BANGKOK (AP) — Thai Prime Minister Prayuth Chan-ocha isn’t feeling chatty about being elected to stay on as premier.
Prayuth stayed out of the spotlight Thursday, a day after he skipped a Parliament session in which lawmakers, including hundreds he helped appoint, voted to keep him in the job he has held since staging a military coup in 2014.
He delivered little more than a brief thank you through a spokesman and on his Facebook page, also promising to carry out his duties to the best of his ability.
Prayuth’s return to the premiership was not a surprise given that he and his junta spent the past five years reworking the country’s political system to make sure he remained in power.
Prayuth’s opponents charge the new system is merely a continuation of military rule in another form. Some provisions in the new constitution the junta commissioned assign special privileges to the military, especially if national security or stability is involved. And the heads of the police and branches of the military are automatically members of the Senate.

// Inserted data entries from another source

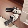 Women Slippers Peep Toe Flat Heels Metal Decor Designer Ladies Mules
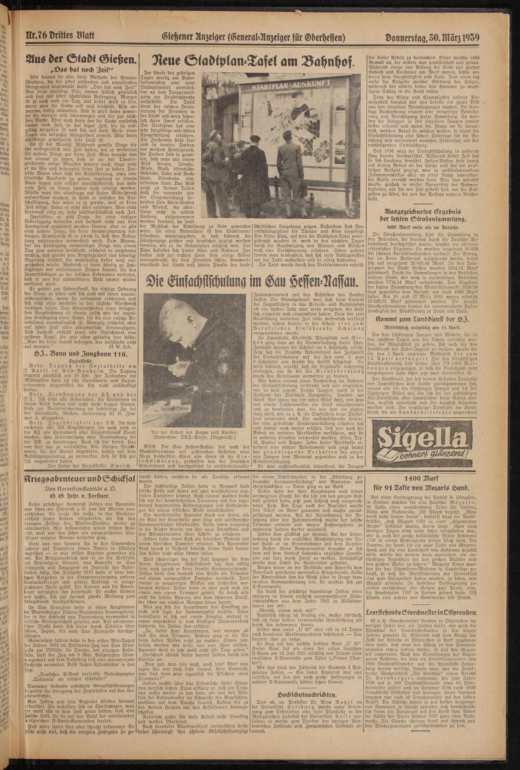 ltt.76 Drittes Blatt Giehener Anzeiger (General-Anzeiger für Gberhesien)Donnerstag. 30. März 1959
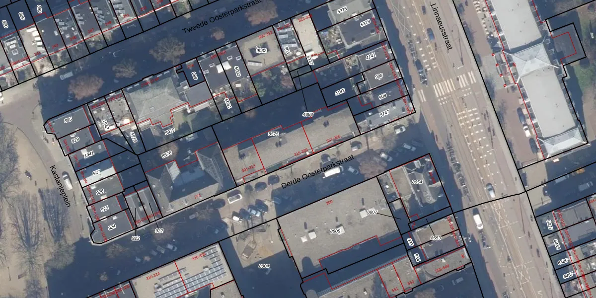 Het perceel waarop Derde Oosterparkstraat 323 staat heeft een oppervlakte van 973 m². Dit is een groot perceel. De perceeloppervlakte wordt geregistreerd door het Kadaster. Gedetailleerde informatie over de maten van dit perceel kunt u vinden in het rapport Kadastrale kaart met maatvoering van Derde Oosterparkstraat 323.
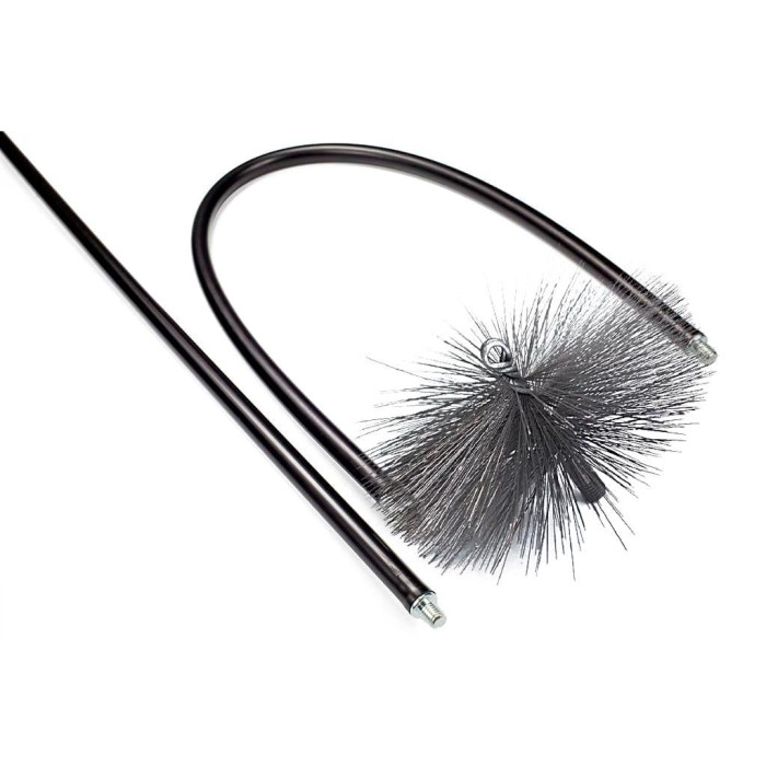 Щітка виготовлена з загартованого пружинного дроту діаметром 0,55м, що затиснутий між оцинкованими прутами діаметром 4 мм. Різьба М12 та кільце для кріплення троса або мотузки забезпечують універсальність та зручність використання. Ручний коловорот або т-подібна ручка додадуть зручності у користуванні набором. Довжину набору можна збільшити або зменшити до будь-якої величини, кратної 1м.

But there are doubts that Prayuth will be able to run things smoothly since he will lose some powers he had as head of the junta, and be accountable to a Parliament with an opposition, rather than the tame national assembly he appointed after the coup and used to rubber-stamp his decisions. In the lower house, which passes law and approves budgets, Prayuth’s ruling coalition has a razor-thin majority.

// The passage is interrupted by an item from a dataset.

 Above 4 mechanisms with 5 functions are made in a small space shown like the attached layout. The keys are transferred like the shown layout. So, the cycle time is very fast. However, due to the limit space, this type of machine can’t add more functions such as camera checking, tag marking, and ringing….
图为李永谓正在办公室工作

“He is in a kind of a strongman mold, but now he has to be accountable, more scrutinized, so we can expect him to lose some temper. We can expect him to be flustered, frustrated. But the big question is whether the coalition government will hold,” said Thitinan Pongsudhirak, a professor of political science at Bangkok’s Chulalongkorn University.

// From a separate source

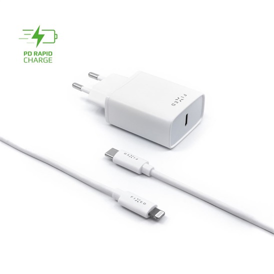 Set síťové nabíječky FIXED a USB-C kabelu se postará o rychlé a bezpečné nabíjení vašeho iPhonu, iPadu nebo další elektroniky s Lightning konektorem. Díky USB-C portu s podporou PD dokáže doplnit energii s celkovým výkonem až 18W.
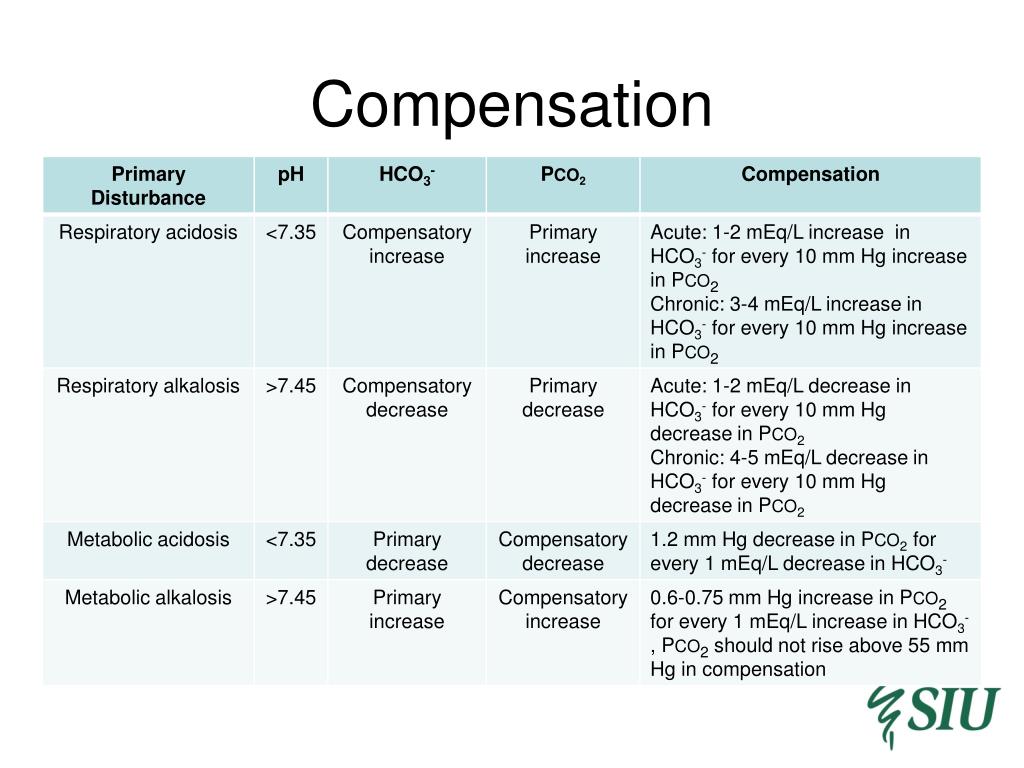 Description pH 7.18 PO2 61 mm Hg PCO2 58 mm Hg HCO3- 26 mEq/L 1-2 mEq/L increase in HCO3- for every 10 mm Hg increase in PCO2. PCO2 increase = 58-40 = 18 mm Hg. HCO3- increase predicted = (1-2) x (18/10) = 2-4 mEq/L add to 24 mEq/L (reference point) = 26-28 mEq/L

Under Prayuth’s junta there were a bevy of laws enacted that allowed it to take action against its critics and opponents, stifling dissent online and in real life.
The major instrument he wielded was a provision known as Article 44, which handed him lawmaking powers without the need for approval from anyone. It was enacted under an interim constitution to replace martial law, which was declared right after Prayuth’s 2014 takeover.
The junta will be dissolved when Prayuth appoints his new Cabinet, and Article 44 will expire with it, even though the orders enacted under Article 44 will remain in force.
Thitinan expects Prayuth’s will try to stay above the fray and allow military-allied lawmakers to protect him, a strategy other previous unelected military prime ministers employed. He said that may prove a difficult task, given the size and determination of the opposition bloc and the unwieldy nature of his own coalition.
“General Prayuth as head of it all will have a big headache at a minimum, but beyond that, he also will face a kind of scrutiny he hasn’t seen in the last five years that may involve some very sensitive issues,” such as his personal assets, his relatives and associates, Thitinan said.